- WHAT THE TASK ASKS
Please repeat, exactly and without pictures, the lines of the entries below that run from the one containing "(59) پێشێڵکاری بهرانبهر" through the one containing "The final highlight".

- PROVIDED RECORDS
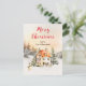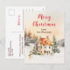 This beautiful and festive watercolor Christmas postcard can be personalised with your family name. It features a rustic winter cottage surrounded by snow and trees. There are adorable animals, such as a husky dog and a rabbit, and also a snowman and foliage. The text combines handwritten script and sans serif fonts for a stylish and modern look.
...
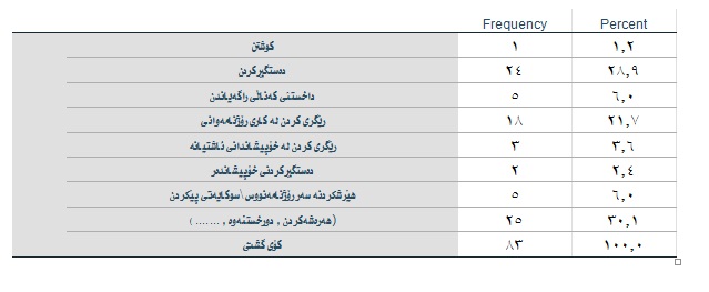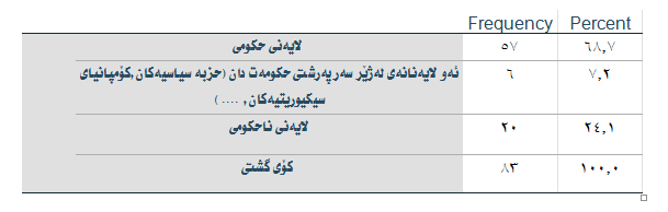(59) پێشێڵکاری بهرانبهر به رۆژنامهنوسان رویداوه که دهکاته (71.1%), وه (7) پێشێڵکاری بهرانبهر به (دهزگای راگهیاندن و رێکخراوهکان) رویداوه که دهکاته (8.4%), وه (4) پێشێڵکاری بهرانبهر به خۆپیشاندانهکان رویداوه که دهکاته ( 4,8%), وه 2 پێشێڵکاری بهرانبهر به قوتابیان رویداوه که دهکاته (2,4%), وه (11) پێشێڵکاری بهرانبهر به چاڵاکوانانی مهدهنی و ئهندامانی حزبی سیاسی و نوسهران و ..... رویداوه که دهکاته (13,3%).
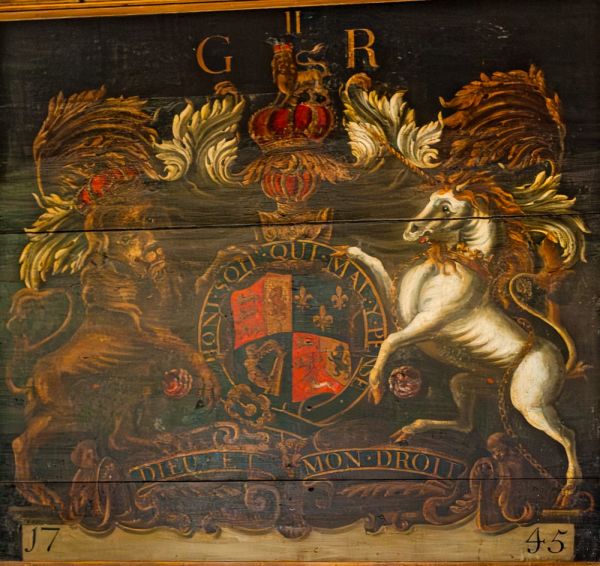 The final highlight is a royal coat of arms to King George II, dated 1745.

- SOLUTION TO THIS PROBLEM
(59) پێشێڵکاری بهرانبهر به رۆژنامهنوسان رویداوه که دهکاته (71.1%), وه (7) پێشێڵکاری بهرانبهر به (دهزگای راگهیاندن و رێکخراوهکان) رویداوه که دهکاته (8.4%), وه (4) پێشێڵکاری بهرانبهر به خۆپیشاندانهکان رویداوه که دهکاته ( 4,8%), وه 2 پێشێڵکاری بهرانبهر به قوتابیان رویداوه که دهکاته (2,4%), وه (11) پێشێڵکاری بهرانبهر به چاڵاکوانانی مهدهنی و ئهندامانی حزبی سیاسی و نوسهران و ..... رویداوه که دهکاته (13,3%).
 The final highlight is a royal coat of arms to King George II, dated 1745.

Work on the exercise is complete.